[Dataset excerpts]
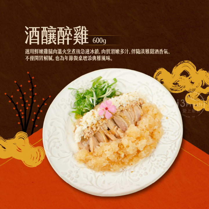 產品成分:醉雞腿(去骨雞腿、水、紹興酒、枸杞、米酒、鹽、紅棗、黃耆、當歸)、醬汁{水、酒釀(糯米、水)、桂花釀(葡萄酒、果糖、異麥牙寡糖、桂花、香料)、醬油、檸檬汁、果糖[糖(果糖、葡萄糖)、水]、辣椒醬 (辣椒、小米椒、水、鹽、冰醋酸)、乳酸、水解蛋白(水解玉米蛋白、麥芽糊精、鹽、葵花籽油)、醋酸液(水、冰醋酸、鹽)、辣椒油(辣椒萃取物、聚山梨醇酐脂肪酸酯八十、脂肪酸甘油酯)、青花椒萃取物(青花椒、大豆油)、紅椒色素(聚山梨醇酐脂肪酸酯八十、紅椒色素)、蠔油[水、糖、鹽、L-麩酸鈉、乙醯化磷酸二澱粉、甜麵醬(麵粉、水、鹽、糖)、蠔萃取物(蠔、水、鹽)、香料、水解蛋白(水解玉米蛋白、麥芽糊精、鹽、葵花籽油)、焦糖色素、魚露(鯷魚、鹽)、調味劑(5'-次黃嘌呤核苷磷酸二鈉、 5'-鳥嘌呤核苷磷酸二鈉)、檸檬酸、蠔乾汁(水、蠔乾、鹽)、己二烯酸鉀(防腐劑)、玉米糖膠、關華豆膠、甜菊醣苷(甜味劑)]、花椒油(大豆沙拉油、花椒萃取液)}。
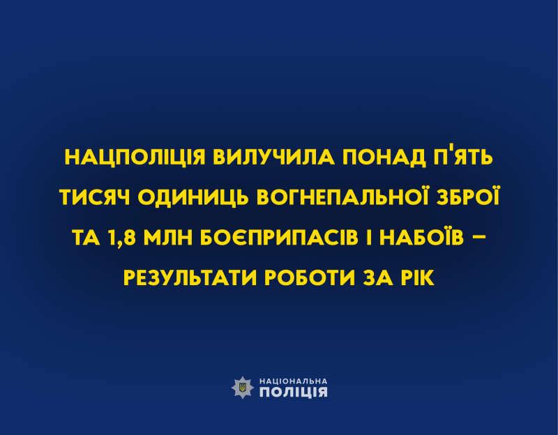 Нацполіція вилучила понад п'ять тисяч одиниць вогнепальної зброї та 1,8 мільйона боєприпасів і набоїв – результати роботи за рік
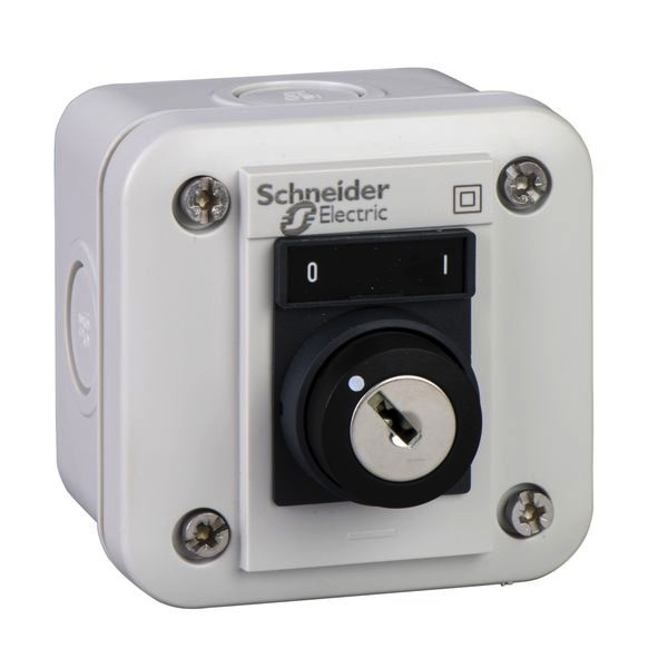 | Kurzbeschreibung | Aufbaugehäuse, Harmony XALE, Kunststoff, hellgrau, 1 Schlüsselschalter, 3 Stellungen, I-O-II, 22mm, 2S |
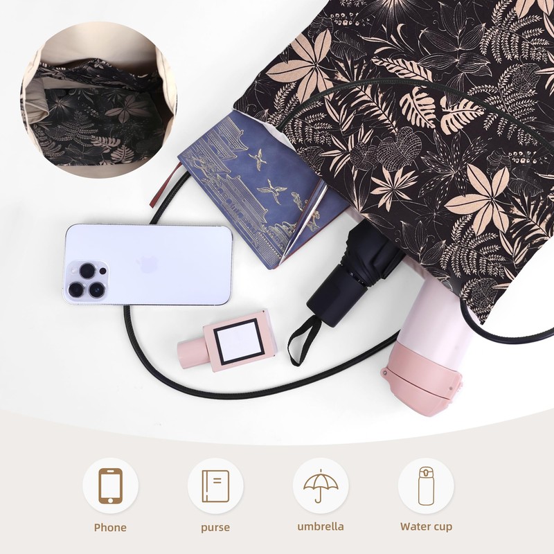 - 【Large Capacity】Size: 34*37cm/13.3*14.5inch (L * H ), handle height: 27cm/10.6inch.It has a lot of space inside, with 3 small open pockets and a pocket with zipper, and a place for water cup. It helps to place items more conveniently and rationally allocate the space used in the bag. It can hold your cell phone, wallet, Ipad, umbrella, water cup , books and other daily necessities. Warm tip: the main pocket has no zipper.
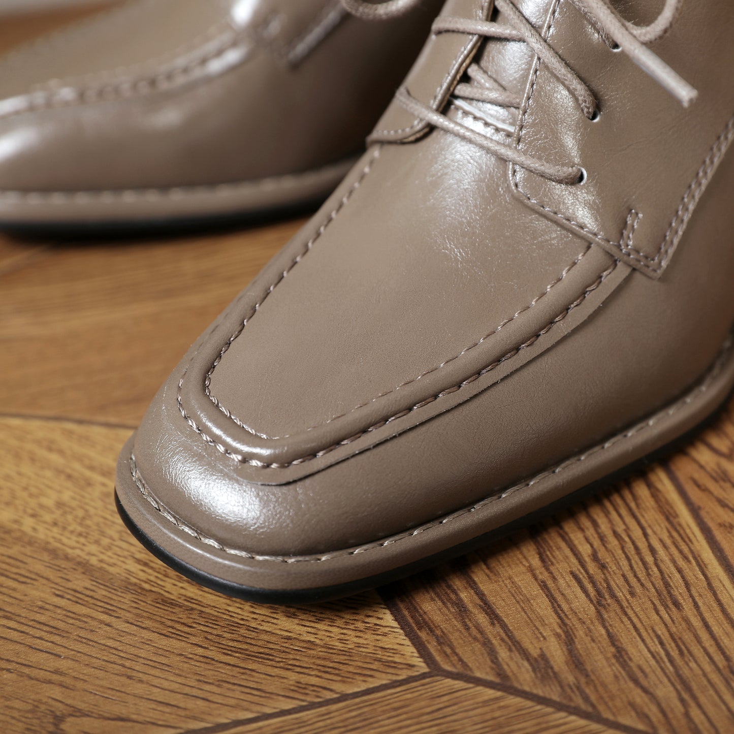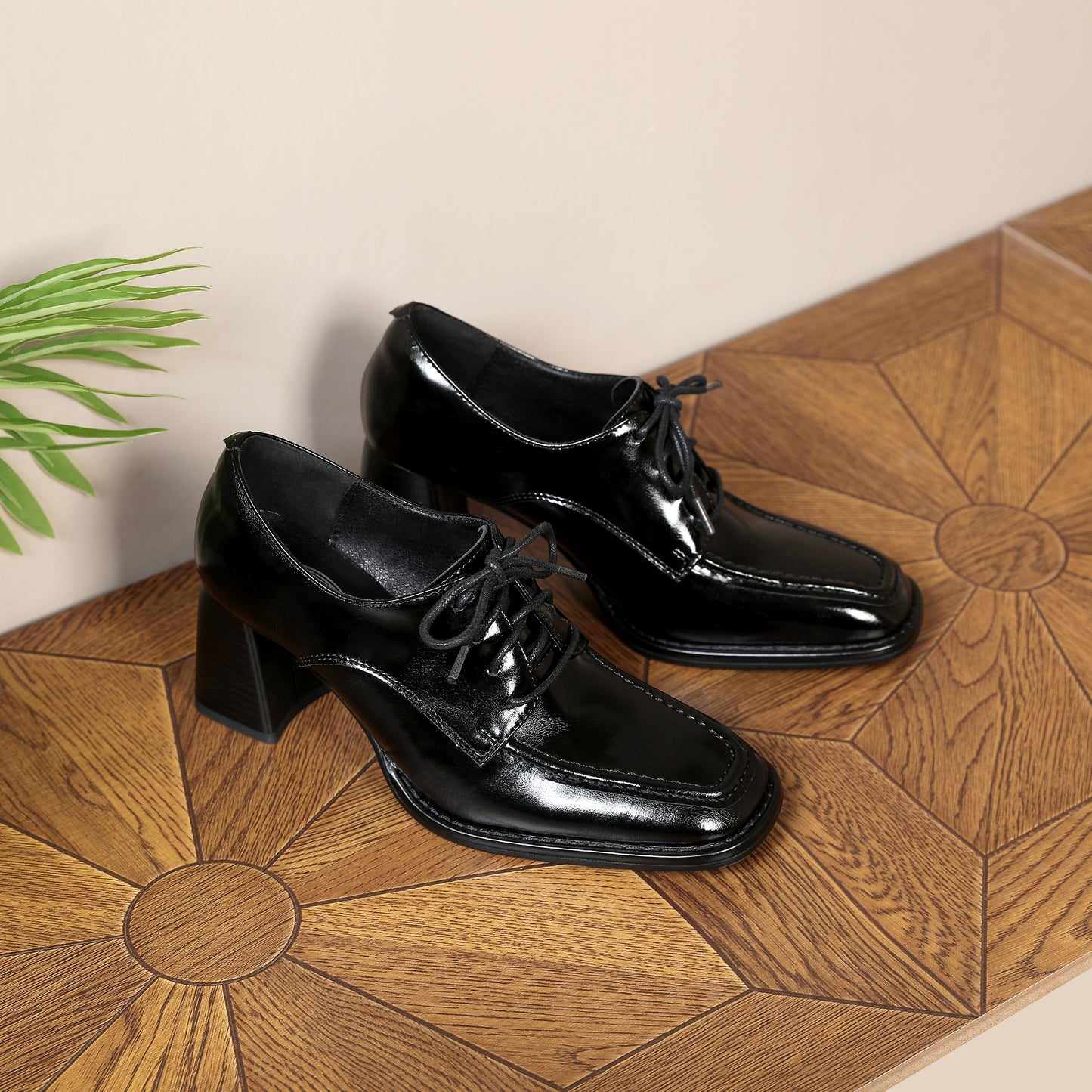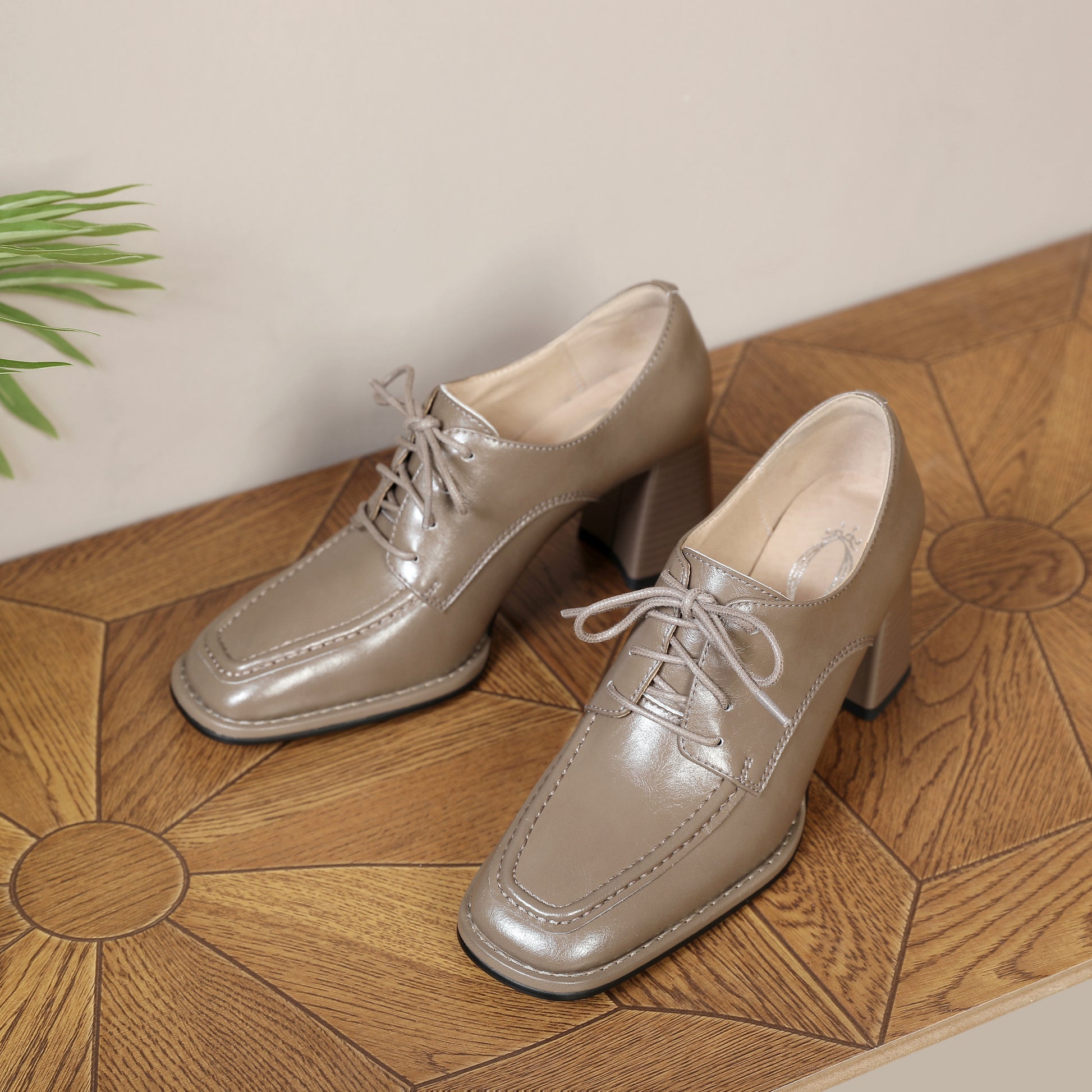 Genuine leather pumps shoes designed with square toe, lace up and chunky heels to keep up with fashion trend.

## [WHAT IS NEEDED]
Copy every line exactly, from the opening line of the entries down to the line holding "I-O-II, 22mm, 2S |", and keep the pictures out.

## [WRITTEN SOLUTION]
 產品成分:醉雞腿(去骨雞腿、水、紹興酒、枸杞、米酒、鹽、紅棗、黃耆、當歸)、醬汁{水、酒釀(糯米、水)、桂花釀(葡萄酒、果糖、異麥牙寡糖、桂花、香料)、醬油、檸檬汁、果糖[糖(果糖、葡萄糖)、水]、辣椒醬 (辣椒、小米椒、水、鹽、冰醋酸)、乳酸、水解蛋白(水解玉米蛋白、麥芽糊精、鹽、葵花籽油)、醋酸液(水、冰醋酸、鹽)、辣椒油(辣椒萃取物、聚山梨醇酐脂肪酸酯八十、脂肪酸甘油酯)、青花椒萃取物(青花椒、大豆油)、紅椒色素(聚山梨醇酐脂肪酸酯八十、紅椒色素)、蠔油[水、糖、鹽、L-麩酸鈉、乙醯化磷酸二澱粉、甜麵醬(麵粉、水、鹽、糖)、蠔萃取物(蠔、水、鹽)、香料、水解蛋白(水解玉米蛋白、麥芽糊精、鹽、葵花籽油)、焦糖色素、魚露(鯷魚、鹽)、調味劑(5'-次黃嘌呤核苷磷酸二鈉、 5'-鳥嘌呤核苷磷酸二鈉)、檸檬酸、蠔乾汁(水、蠔乾、鹽)、己二烯酸鉀(防腐劑)、玉米糖膠、關華豆膠、甜菊醣苷(甜味劑)]、花椒油(大豆沙拉油、花椒萃取液)}。
 Нацполіція вилучила понад п'ять тисяч одиниць вогнепальної зброї та 1,8 мільйона боєприпасів і набоїв – результати роботи за рік
 | Kurzbeschreibung | Aufbaugehäuse, Harmony XALE, Kunststoff, hellgrau, 1 Schlüsselschalter, 3 Stellungen, I-O-II, 22mm, 2S |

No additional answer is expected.